Pakistan finds itself in a difficult position to take a stand. First, it is a Muslim country - a genre not favored by the right-wing Bush clique, and second, it is deeply in debt. Pakistan's total debt to the U.S. is about $3 billion and the Bush administration has agreed, so far, to reschedule payments of $379 million. Nothing has been forgiven, which was the big hope being sold to the Pakistani people after Musharraf surrendered to Bush.
Despite Bush's retraction, the crusade-like character of the war cannot be denied. In another act of Islamophobia, the Bush administration jettisoned morality and altered its Chechnya policy to favor Russia and recognized that the Russians have a right "to fight [the] terrorist threat."
Minutes before Powell's plane was preparing to land in Delhi, Indian Prime Minister Atal Behari Vajpayee, who will visit the White House in November, held talks with Russian, Iranian, and Turkish interlocutors.
And right-wingers in the U.S. are harboring great hopes in India. The conservative
Wall Street Journal's deputy editorial features editor, Tunku Varadarajan, on September 19th, advised the U.S. would do well to encourage the formation of an anti-terror alliance between India, Israel, and Turkey: "In the long-term war against Islamic terrorism, these are the states in the region with a visceral need to vanquish Islamic fundamentalism, as well as the military capability to fight it. Importantly, they can be relied on to keep their resolve, for they will not be fighting as proxy combatants. Their separate wars against the expansionist forces of militant Islam predate that of the U.S."
Varadarajan added: "India, Israel and Turkey - collectively and, where necessary, discretely - can give Washington the sort of stable, unwavering comradeship in arms and ideas that President Bush [and, let's face it, his successors] will need, at least for another generation."
In addition, at a time when it has been welcomed as a member of the Islamophobic alliance, Pakistan's most reliable friend, China, which has branded the freedom movement in occupied East Turkestan (Xinjiang) as a "terrorist" action, is coming closer to its enemies.

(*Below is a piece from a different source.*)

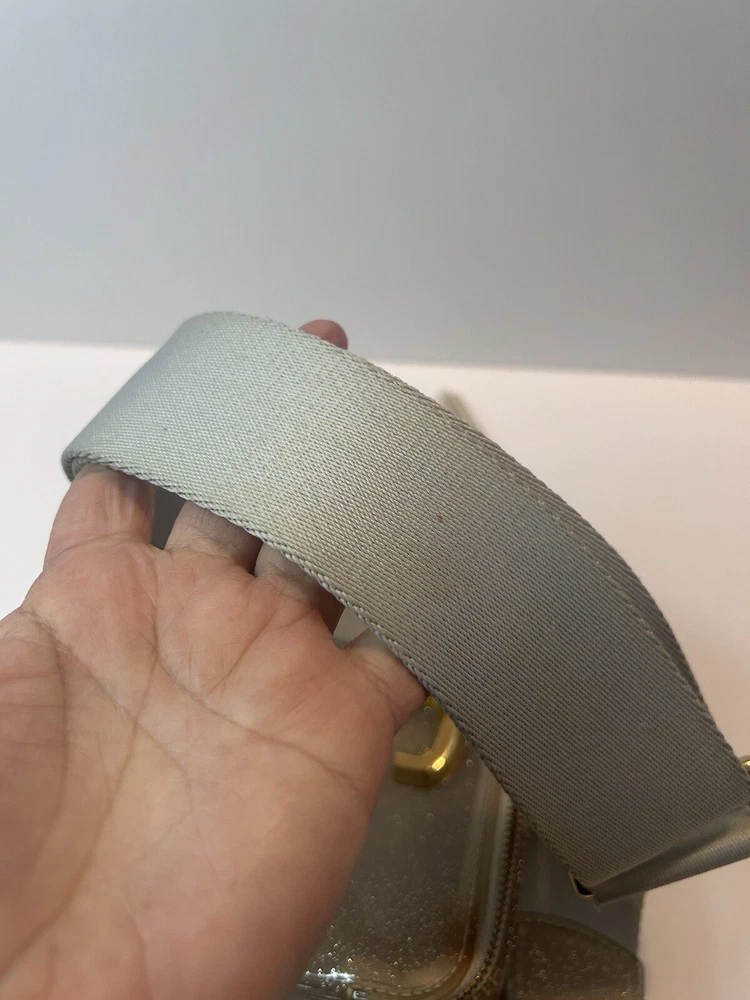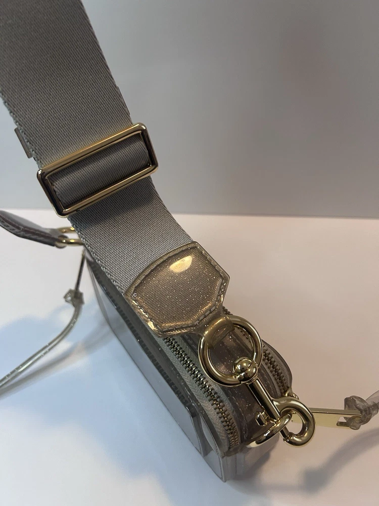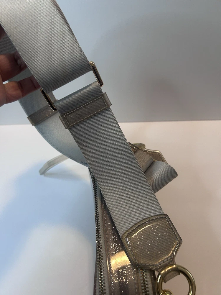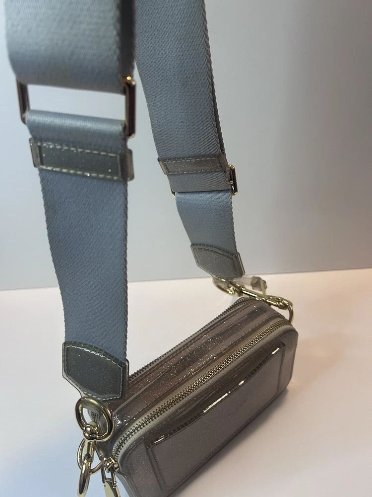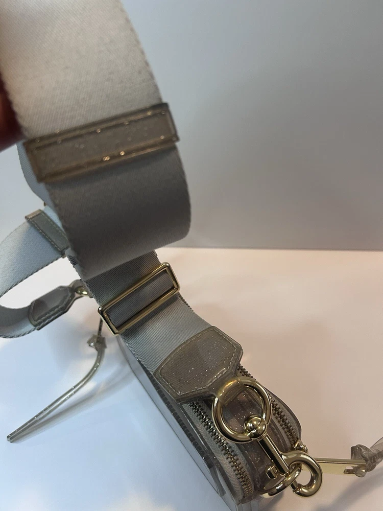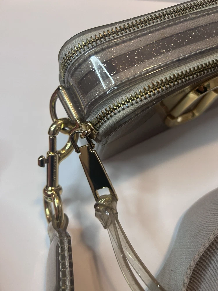 Pls Read The Description before buying it🤗 Gray strap Glittery Clear Slip back pocket Double zipper Closure Two Compartments 7-1/2”Lx4-1/2”x2-1/2”D Gold Hardware Detachable and Adjustable strap Few tiny scratches on logo See the right corner has small stain from lipstick… on PVC Beautiful crossbody bag…

Considering its isolation and suffering from the increasing level of worldwide Islamophobia, Pakistan, as usual, cannot accept just any solution, and may perhaps swallow the bitter pill advised by Powell that it should cool their rhetoric over Kashmir, respect the Line of Control, and avoid any military action there.
Pakistan was never rewarded or even thanked for its role in defeating the Soviet Union, and cannot now expect any laurels for fighting America's war in Afghanistan.